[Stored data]
◆ ◆ ◆ ◆ ◆ ◆ ◆

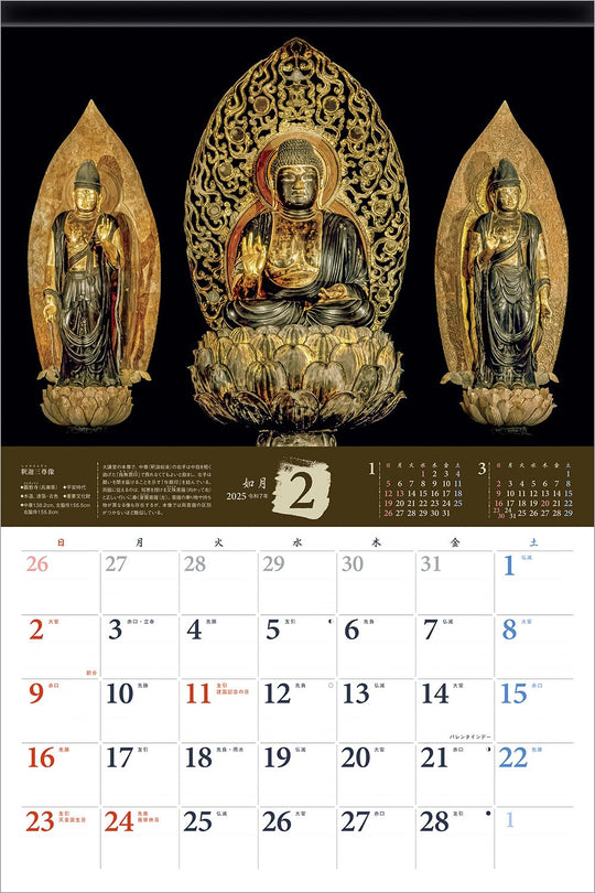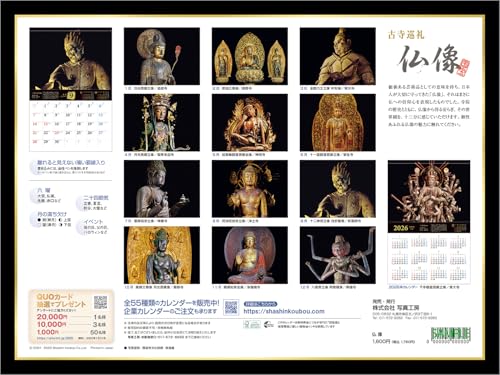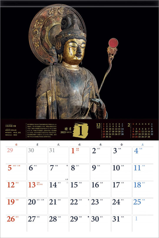 这款精美设计的月历展示了佛像的魅力世界,带您领略日本丰富的历史与文化。每个月都精选一座重要的佛像,以高质量、色彩鲜艳的印刷呈现,让您感受其艺术与精神价值。日历设计周到,闭合时尺寸为300毫米(高)x 400毫米(宽),展开时为600毫米(高)x 400毫米(宽)。配有透明支架,防止照片顶部卷曲,确保全年图像保持完美无损。这款日历不仅是组织行程的功能工具,还是颂扬日本文化遗产的一件有意义的艺术作品。
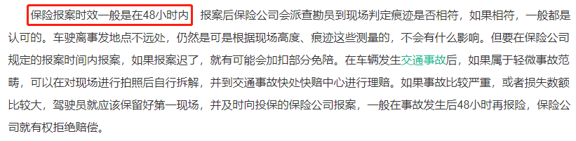 而像是报案时间要求在48小时内的,在保险事故发生后就尽快通知保司,千万别拖。
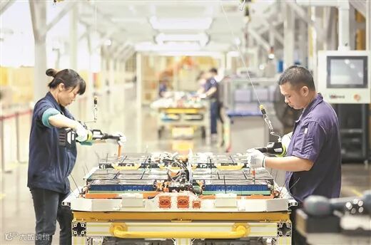 3月4日,在柳州国轩锂电池生产基地,工人正在组装新能源汽车电池包。石 峰/摄
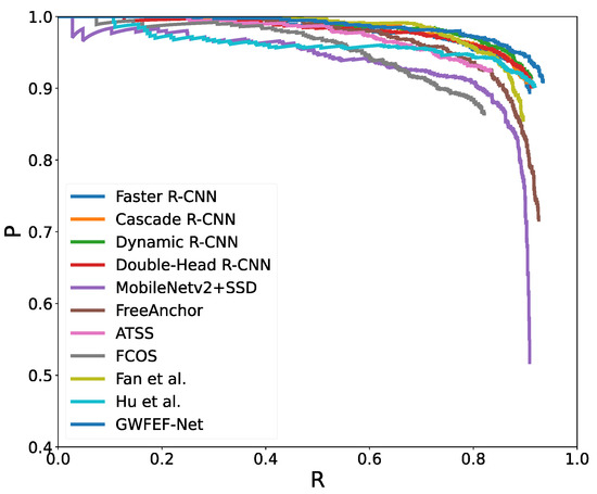 - The detection accuracy presents a gradual upward trend by gradually adding each contribution on the baseline Faster R-CNN. Apparently, GWFEF-Net offers a huge AP improvement (i.e., from initial 90.18% to final 94.18%), up to a 4% increment. Moreover, GWFEF-Net offers a perceptible F1 improvement (i.e., from initial 90.25% to final 93.64%), up to a ~3.4% increment. Other accuracy indexes have also been improved more or less, which fully proves the excellent detection performance of the proposed GWFEF-Net.
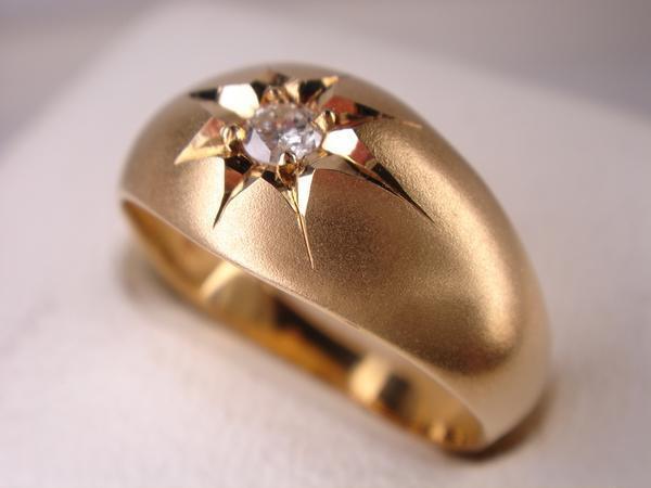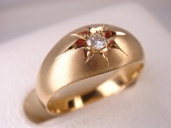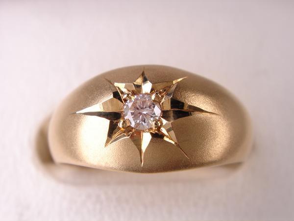 【コメント】 定番の18金ダイヤ月形甲丸リングでございます
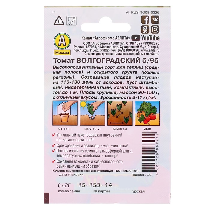«Волгоградский 5/95» — это позднеспелый сорт, у которого созревание наступает на 115–130 день после полных всходов.
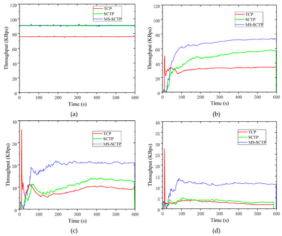 In simulations, the same simulation scenario was used as 3.1, and the PERs were 0%, 10%, 20%, 30%, 40%, and 50%. The metrics throughput and packet loss rates of TCP, SCTP, and MS-SCTP were used in the simulations to analyze the advantages of MS-SCTP. Figure 7 shows the real-time throughput of the three schemes when the PER changed from 0% to 50%.
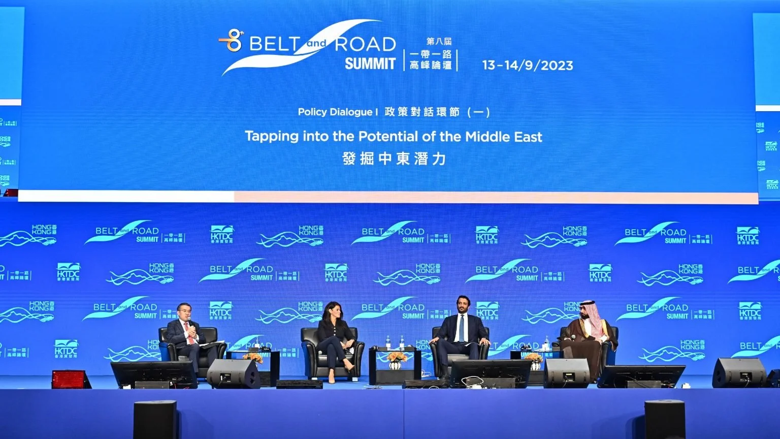 The Secretary for Financial Services and the Treasury, Mr Christopher Hui (first left), chaired the policy dialogue session titled “Tapping into the Potential of the Middle East” to explore effective ways to tap the Middle East markets, fostering complementarity, mutual benefits and collective development. The Advisor in the General Secretariat of the Council of Ministers, Saudi Arabia, Mr Fahd bin Abdulmohsan Al-Rasheed (first right); the Minister of Economy of the United Arab Emirates, Mr Abdulla Bin Touq Al Marri (second right); and the Minister, Ministry of International Cooperation, Egypt, Dr Rania A Al-Mashat (second left), joined the discussion.
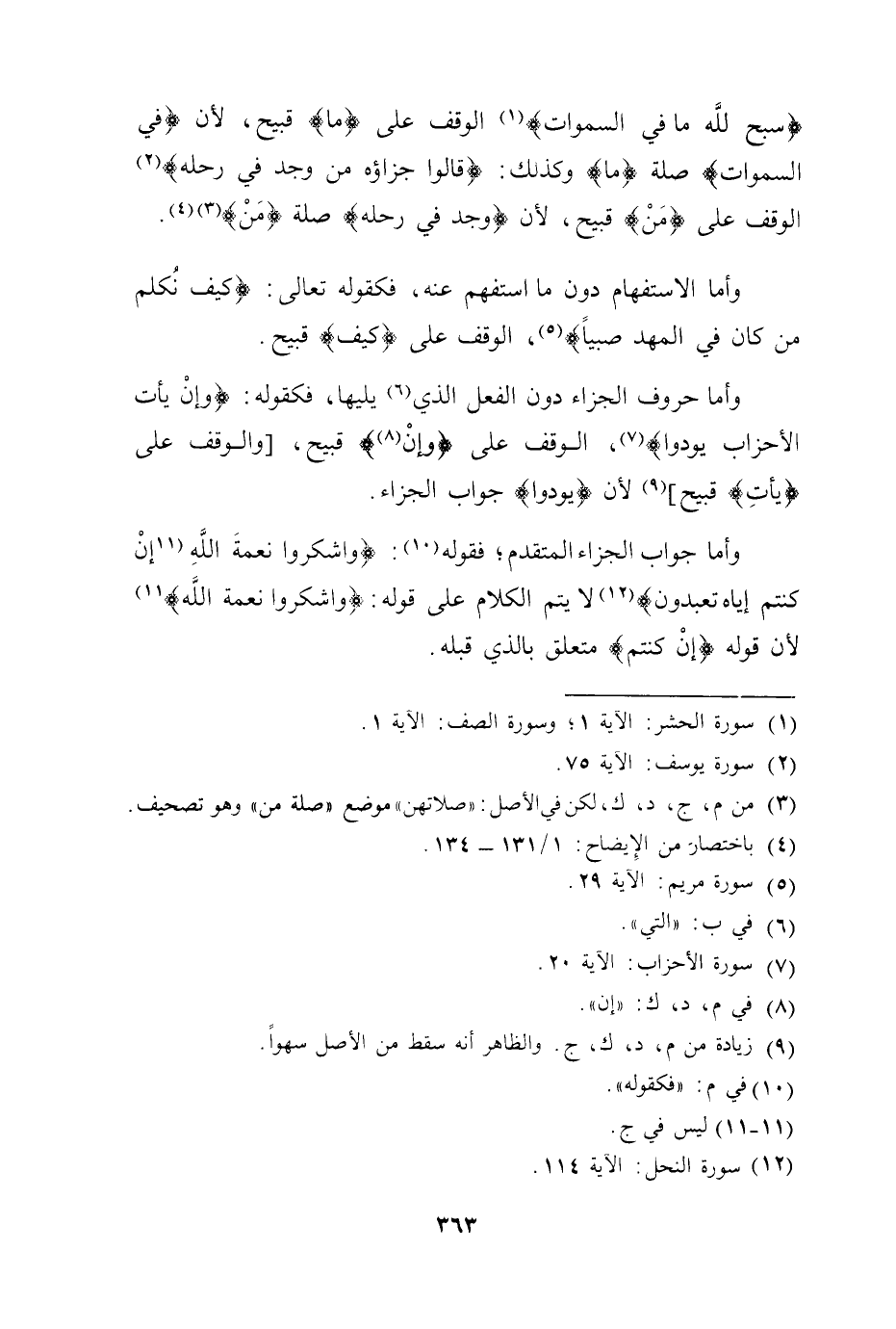 وأما الاستفهام دون ما استفهم عنه، فكقوله تعالى: (كيف نُكلم

◆ ◆ ◆ ◆ ◆ ◆ ◆

§ **Task item**: Repeat the exact lines from the first line of the data through the line containing "In simulations, the". Nothing else, no pictures.

§ **Response area**:
 这款精美设计的月历展示了佛像的魅力世界,带您领略日本丰富的历史与文化。每个月都精选一座重要的佛像,以高质量、色彩鲜艳的印刷呈现,让您感受其艺术与精神价值。日历设计周到,闭合时尺寸为300毫米(高)x 400毫米(宽),展开时为600毫米(高)x 400毫米(宽)。配有透明支架,防止照片顶部卷曲,确保全年图像保持完美无损。这款日历不仅是组织行程的功能工具,还是颂扬日本文化遗产的一件有意义的艺术作品。
 而像是报案时间要求在48小时内的,在保险事故发生后就尽快通知保司,千万别拖。
 3月4日,在柳州国轩锂电池生产基地,工人正在组装新能源汽车电池包。石 峰/摄
 - The detection accuracy presents a gradual upward trend by gradually adding each contribution on the baseline Faster R-CNN. Apparently, GWFEF-Net offers a huge AP improvement (i.e., from initial 90.18% to final 94.18%), up to a 4% increment. Moreover, GWFEF-Net offers a perceptible F1 improvement (i.e., from initial 90.25% to final 93.64%), up to a ~3.4% increment. Other accuracy indexes have also been improved more or less, which fully proves the excellent detection performance of the proposed GWFEF-Net.
 【コメント】 定番の18金ダイヤ月形甲丸リングでございます
«Волгоградский 5/95» — это позднеспелый сорт, у которого созревание наступает на 115–130 день после полных всходов.
 In simulations, the same simulation scenario was used as 3.1, and the PERs were 0%, 10%, 20%, 30%, 40%, and 50%. The metrics throughput and packet loss rates of TCP, SCTP, and MS-SCTP were used in the simulations to analyze the advantages of MS-SCTP. Figure 7 shows the real-time throughput of the three schemes when the PER changed from 0% to 50%.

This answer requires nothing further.